Im Mittelpunkt des Bundesinstituts für Berufsbildung steht die Berufsbildung der Facharbeiter, Fachangestellten, Gesellen und Meister. Außerdem kümmert sich das Institut um die Aus- und Weiterbildung, Qualifizierung und Förderung. Im Internet ist das Bundesinstitut für Berufsbildung unter www.bibb.de zu finden und unter der Telefonnummer 0228 / 107-0 zu erreichen.
Mit einer Berufsabschlussprüfung mit der Note "besser als gut" oder einem Sieg im Praktischen Leistungswettbewerb, kann man in das Programm "Begabtenförderung berufliche Bildung" aufgenommen werden und ein Stipendium bekommen: 5.400 Euro für Weiterbildung. Bei der Aufnahme in das Stipendium muss man jünger als 25 Jahre sein.
Ein Beruf bezeichnet die in einer typischen Kombination zusammenfließenden Arbeitsverrichtungen einer Person, für die besondere Kenntnisse, Fertigkeiten und Erfahrungen erforderlich sind. Die Arbeitsaufgaben und die dazu notwendigen Fähigkeiten werden in einem Berufsbild erfasst. Zur Zeit unterscheidet man in der Bundesrepublik Deutschland zwischen über 20.000 Berufen.
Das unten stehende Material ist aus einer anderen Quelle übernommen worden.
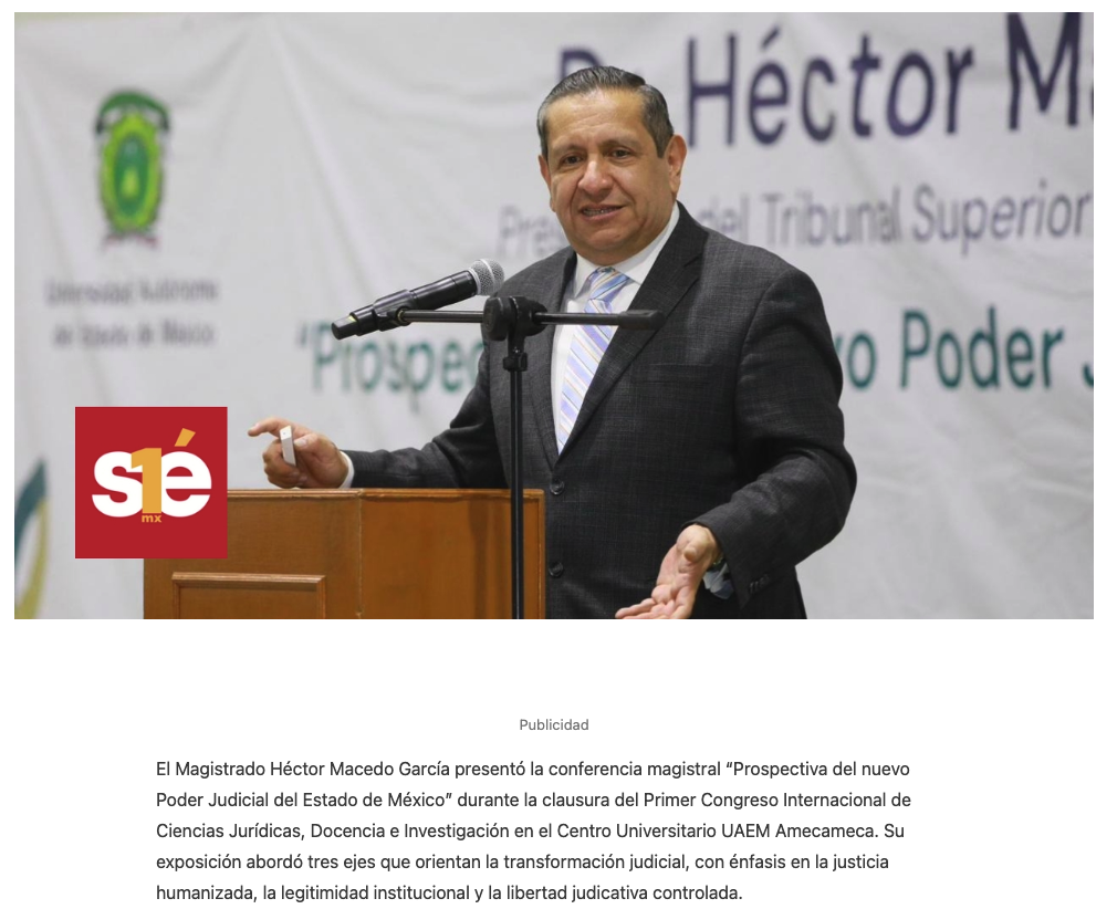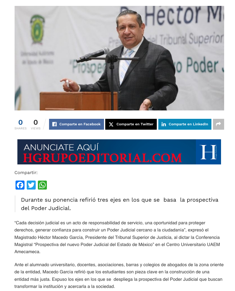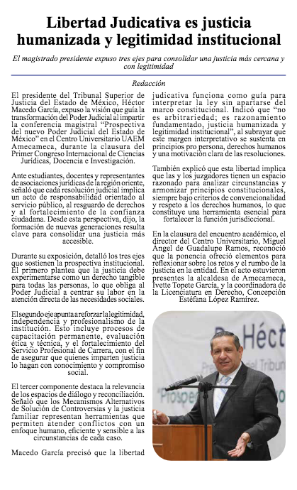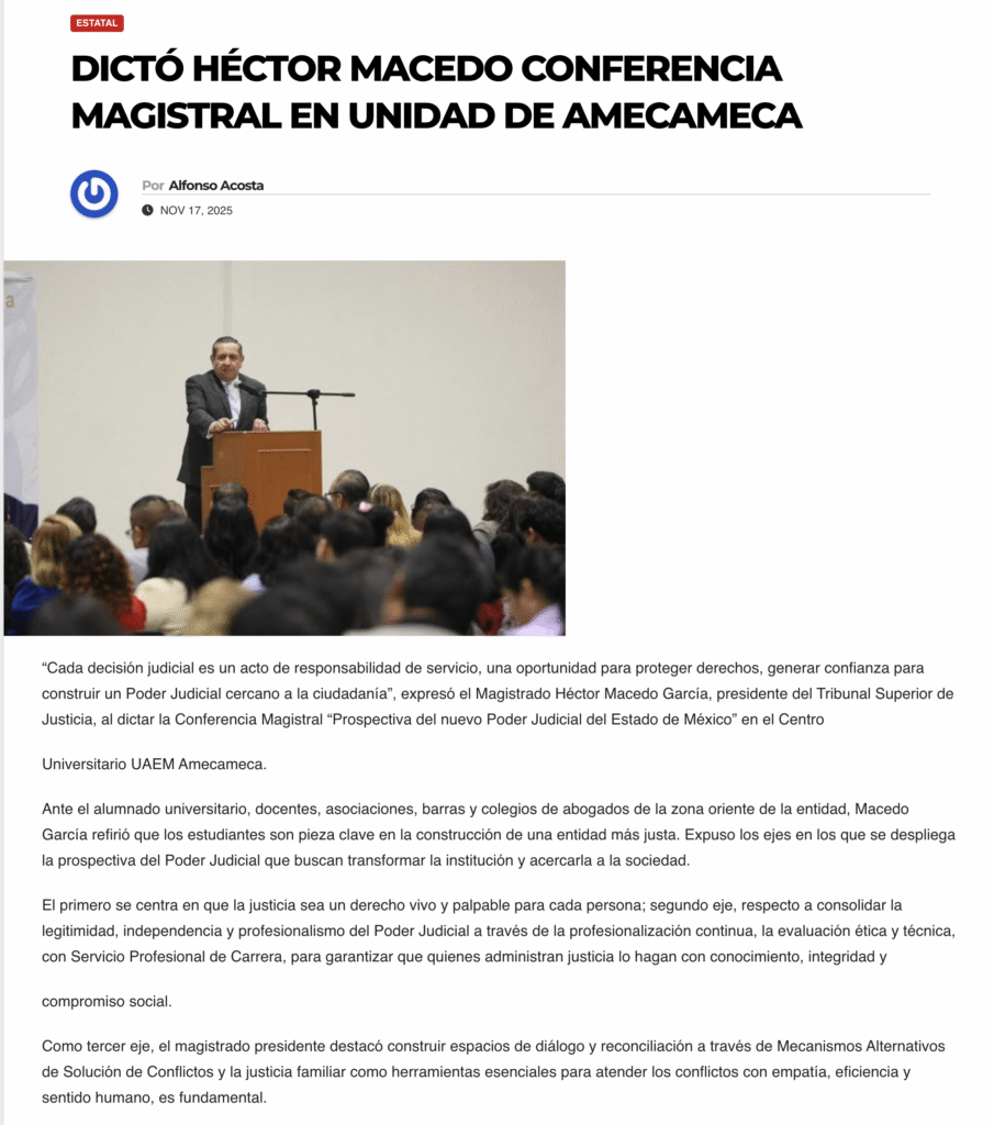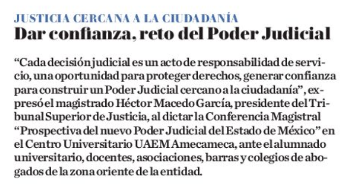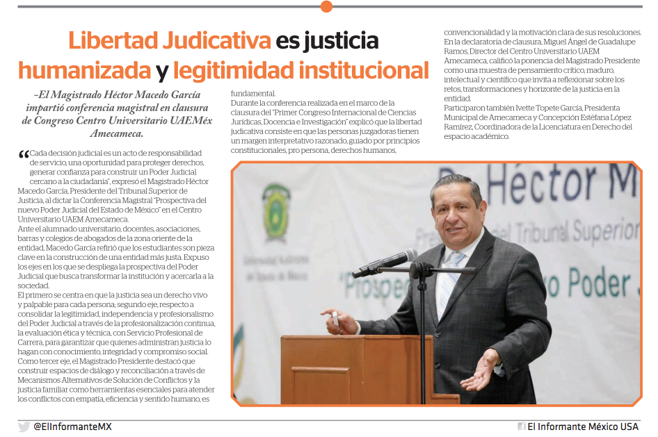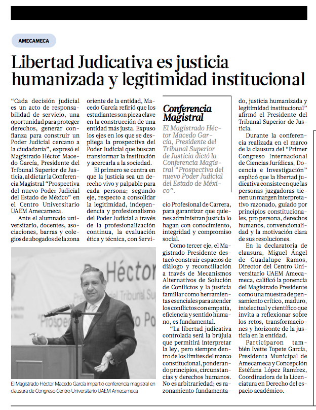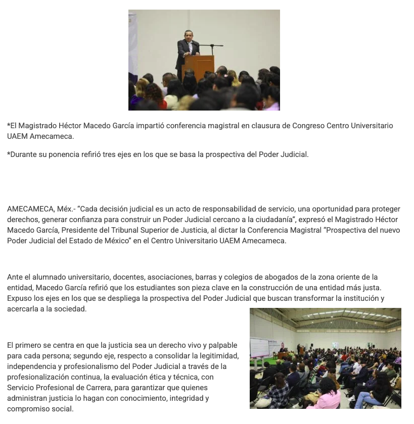 “Cada decisión judicial es un acto de responsabilidad de servicio, una oportunidad para proteger derechos, generar confianza para construir un Poder Judicial cercano a la ciudadanía”, expresó el Magistrado Héctor Macedo García, Presidente del Tribunal Superior de Justicia, al dictar la Conferencia Magistral “Prospectiva del nuevo Poder Judicial del Estado de México” en el Centro Universitario UAEM Amecameca.

Die berufliche Weiterbildung umfasst alle Angebote und Formen zur beruflichen Kompetenzentwicklung, die nach dem Abschluss einer ersten beruflichen Ausbildung in Anspruch genommen werden. Dazu zählen die Fortbildung, die Umschulung, das zunehmende Bedeutung erlangende selbständige Lernen oder das Lernen am Arbeitsplatz.
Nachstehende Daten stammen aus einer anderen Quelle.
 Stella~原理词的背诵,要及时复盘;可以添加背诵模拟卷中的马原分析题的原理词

Der Berufsausbildungsvertrag wird zwischen dem Ausbildenden (Betriebsinhaber) und dem/der Auszubildenden (Lehrling) auf der Grundlage des Berufsbildungsgesetzes abgeschlossen. Er enthält den Ausbildungsberuf, Beginn und Dauer der Ausbildung, die Ausbildungs- und Probezeit, die sachliche und zeitliche Gliederung sowie ergänzende Ausbildungsmaßnahmen, die Höhe der Ausbildungsvergütung, Dauer des Urlaubs und die Kündigungsbedingungen. Ausbildungsinhalte, Ausbildungsdauer und die Prüfungsanforderungen sind durch die Ausbildungsordnung geregelt.
Die Berufsbildung im Sinne des Berufsbildungsgesetzes sind die Berufsausbildung, die berufliche Fortbildung und die berufliche Umschulung.
Das Berufsbildungsgesetz (BBiG) vom 14. August 1969 ist die zentrale Rechtsgrundlage für die Berufsausbildung im dualen System. Es handelt sich um ein umfangreiches Gesetz von 113 Paragraphen und es umfasst neun Teile.
Das Berufsbildungssystem umfasst alle Einrichtungen und Bildungsgänge, die zur Planung und Realisierung der Berufsbildung beitragen. Die Vermittlung berufsbezogener Qualifikationen erfolgt in der Regel in Verbindung mit allgemeinbildenden Inhalten. Das Berufsbildungssystem in Deutschland ist durch Dualität gekennzeichnet. Die betriebliche Ausbildung wird durch die Vermittlung von Fachtheorie, aber auch allgemeinbildender Inhalte, in der Berufsschule ergänzt.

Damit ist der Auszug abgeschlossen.